Puot Kang Chol (born 1 January 1985) is a South Sudanese politician. Puot is currently the Minister of Petroleum in the Revitalized Transitional Government of National Unity (R-TGoNU) as of 2022. He is also a member of the Sudan People's Liberation Movement In-Opposition (SPLM-IO).

Early life and education 
Puot Kang was born in Mandeeng Village, Nasir County of Upper Nile State to Mr. Kang Chol and Mrs. Rebecca Nyayiech Chang. He started his education career at a School in Dima Refugee Camp in Ethiopia, where he completed primary level. He later joined Kebena Secondary School in Ethiopia where finished high school.

Puot thereafter, went to Kampala, Uganda where he was admitted at Cavendish University and graduated with a Bachelor of Law (LLB) in 2013.

Political career 
Puot was first appointed as Executive Director in the office of the then Deputy Secretary General of the SPLM Party Southern Sector, Dr. Ann Itto. He also served as Director of Membership and Recruitment in the SPLM in 2010, a position he held up to the eruption of the war in December 2013.

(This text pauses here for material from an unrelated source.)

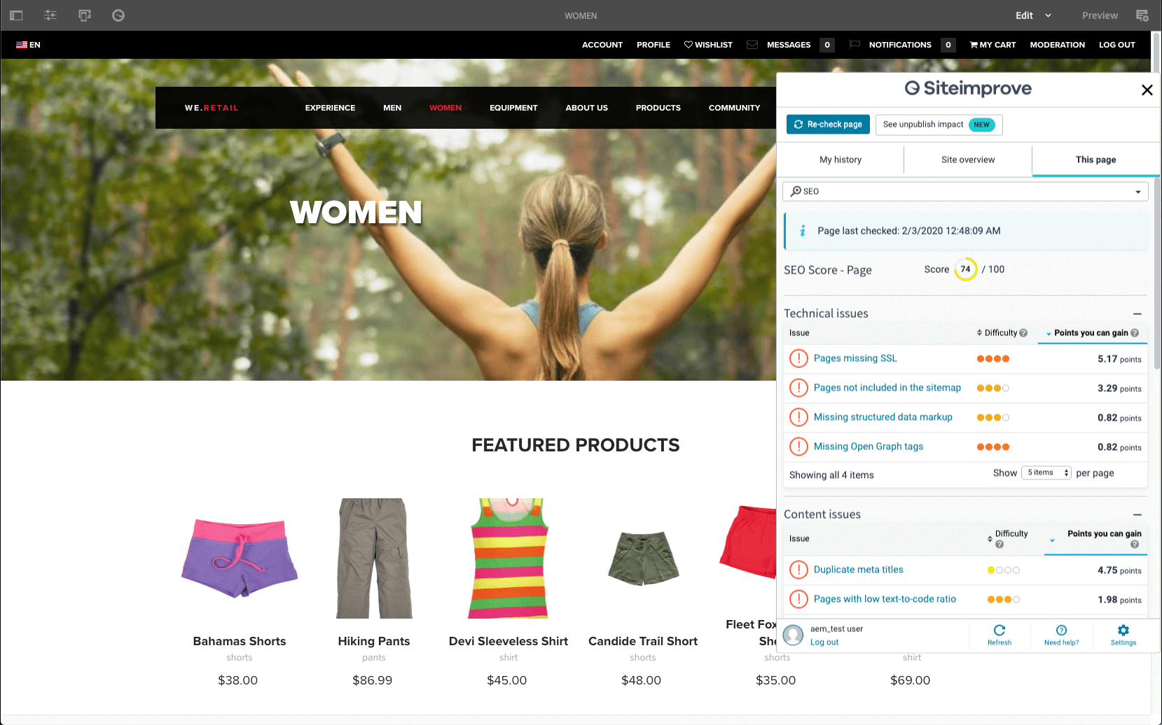 Catching content issues before publication is always better than having them pointed out once they’re live for everyone to see. The Adobe Experience Manager integration has the added advantage of Siteimprove’s Prepublish check functionality, to make sure your content complies with quality standards and policies before you hit publish.

When South Sudan President Salva Kiir in 2013, accused his then Deputy Dr. Riek Machar of an attempted coup, Puot Kang was among some youth blamed of backing up Dr. Riek and forced to flee Juba together with other SPLM-IO members over fear of political persecution. He later joined SPLM-IO and was appointed the leader of the Youth League at the time.

However, after the signing of the revitalized peace agreement, Puot Kang returned to Juba together with Dr. Riek Machar and later appointed minister of petroleum when South Sudan announced a new unity government in 2020.

Achievements 
Since his appointment into office, Puot Kang has accomplished several projects including the completion of a unified human resource manual for employees in the country's oil sector, purchase of geophysical aircraft for surveying and generate geophysical aerial data of oil and other mineral resources in South Sudan and setting foundation for environmental audit on the impacts of oil in the environment in the country.